In the UK, The Guardian has revealed that the Surveillance Commissioner (a separate office to the Information Commissioner) has been very critical behind the scenes, as the Lords Committee was in public, of the uses to which the Regulation of Investigatory Powers Act (2000) (RIPA) has been put, not this time by local government, but by national ministries like the Department for Environment, Food and Rural Affairs (DEFRA) and agencies, including Ofcom (the broaadcast and communications regulator) and the Charities Commission. DEFRA came in for a particular telling-off over its spying on fishermen. The chief commissioner, Sir Christopher Rose found generalised lax practice, a lack of proper justification for and proportionality in the used of RIPA, and little training or accountability.
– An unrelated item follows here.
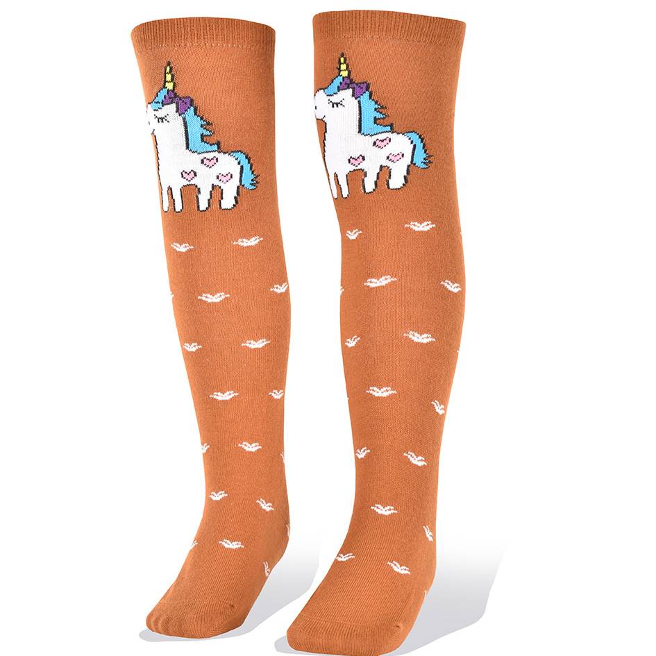 Medias Niñas Largas Altas Unicornio en Fondo Terracota

In short, RIPA is being used because the powers exist not because there is any pressing justification to use surveillance in this manner – the used of surveillance has expanded because it is available.

It is very interesting that The Guardian had to discover all this through Freedom of Information Act (FOIA) requests, and that the Surveillance Commissioner had not put all of this in the public domain as a matter of course. It highlights for me, once again, the clear difference in attitude and regulatory practice between him and the open, accountable, and active Information Commissioner’s Office (ICO). It confirms my view that we would be much better off if the Surveillance Commissioner’s work was absorbed into the ICO.

In the USA, it is to lawyers that people immediately turn if some bad practice is suspected on behalf of the government. The Los Angeles Times reports that on Friday, the US government lost the case it had been bringing to try to stop an Islamic charity based in Oregon from suing them over what they claim were illegal wiretapping operations targeted at them. The case stems from the Bush administration’s attempts to bypass what were already very weak regulations governing the surveillance of American citizens which were introduced in the Foreign Intelligence Surveillance Act (1978) (FISA) and recently amended in the Protect America Act (2007). Requests are supposed to go to the Foreign Intelligence Surveillance Court (FISC) which meets in secret and does not have to publish its rulings and so far as we know, has never turned down a request – so it is somewhat mystifying except as a matter of speed and convenience that the Bush administration did bypass the court.

Now the Obama administration is (shamefully) defending the actions of his predecessor. This is not entirely surprising. Intelligence is one area of continuity between governments: it is what Peter Gill called the ‘secret state’, a core that remains constant regardless of changes of administration. Nixon and Bush were both stupid enough to get caught, but the NSA, CIA and FBI are continually looking for different ways to get around domestic regulations on surveillance. Political devices like the UKUSA agreement served this purpose for many years – whereby Canadian and British intelligence services would collect SIGINT on Americans and supply it to the NSA and vice-versa. But GCHQ and others just don’t have the capabilities to carry out the amount of monitoring that now goes on. It’s been the reality for many years now that the NSA in particular does spy on Americans. Again, they have the capabilities so those capabilities are used.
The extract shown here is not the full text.